SUPPLIED DATA —

....

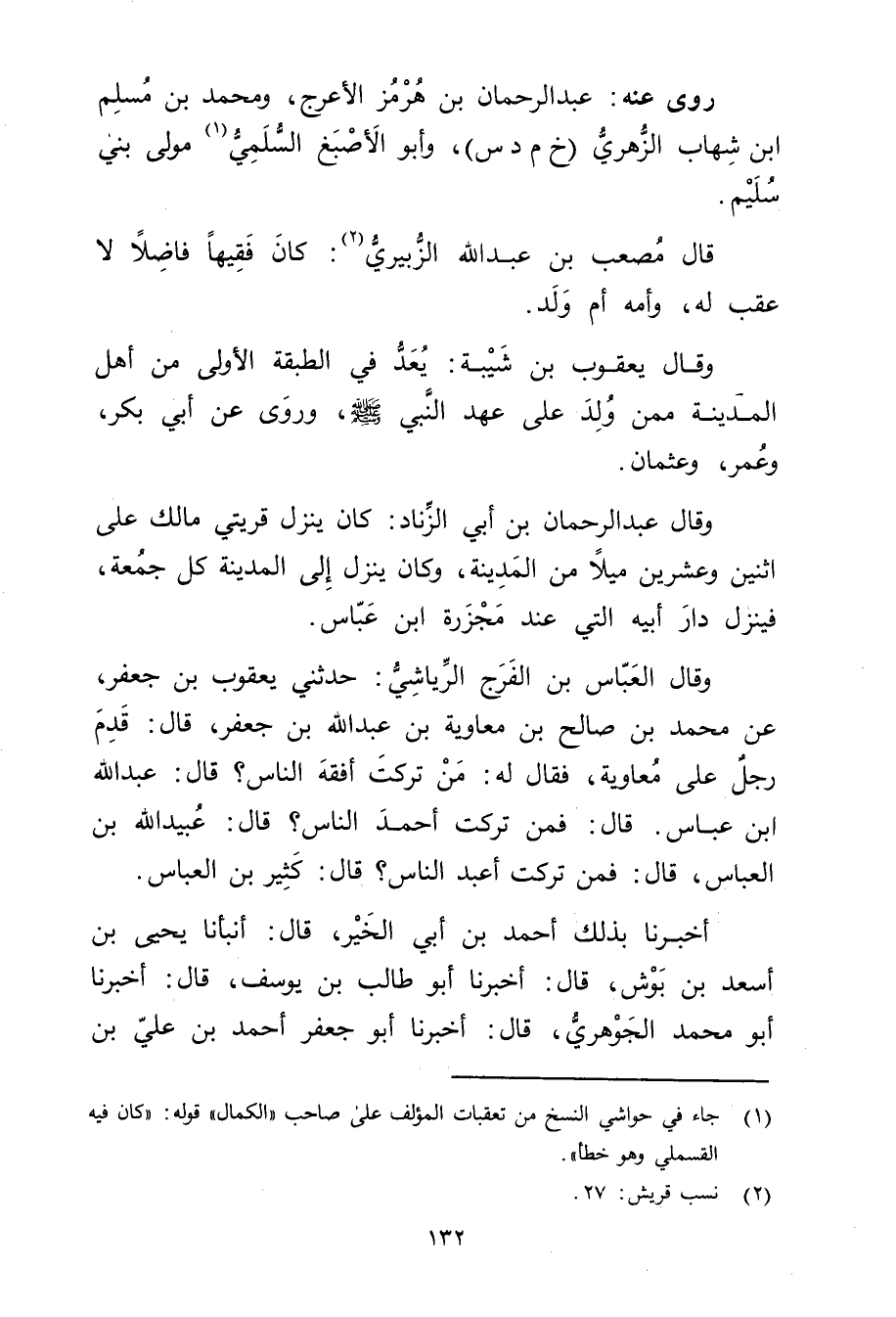 قال مصعب بْن عَبد اللَّهِ الزُّبَيْرِيّ (2) : كَانَ فقيها فاضلا لا عقب له، وأمه أم ولد.
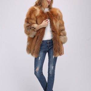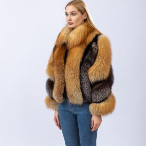 Showcase your unique style with this stunning jacket crafted from natural red and silver fox fur. The vivid blend of warm golden-red and cool silvery tones creates a rich, ...
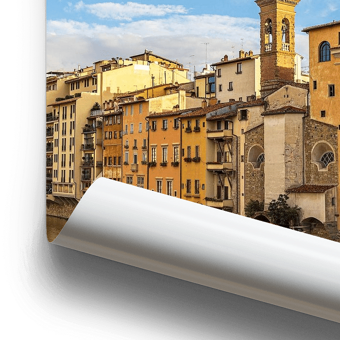 Koop de foto Historische gebouwen aan de rivier de Arno in Florence, Italië van Rico Ködder op canvas, aluminium dibond, (ingelijste) fotoprint, behang en ArtFrame, op maat geprint in Fine-Art kwaliteit.

....

YOUR ASSIGNMENT — Nothing but the listing, copied exactly and stripped of its images, should appear in the response.

EXERCISE SOLUTION —
 قال مصعب بْن عَبد اللَّهِ الزُّبَيْرِيّ (2) : كَانَ فقيها فاضلا لا عقب له، وأمه أم ولد.
 Showcase your unique style with this stunning jacket crafted from natural red and silver fox fur. The vivid blend of warm golden-red and cool silvery tones creates a rich, ...
 Koop de foto Historische gebouwen aan de rivier de Arno in Florence, Italië van Rico Ködder op canvas, aluminium dibond, (ingelijste) fotoprint, behang en ArtFrame, op maat geprint in Fine-Art kwaliteit.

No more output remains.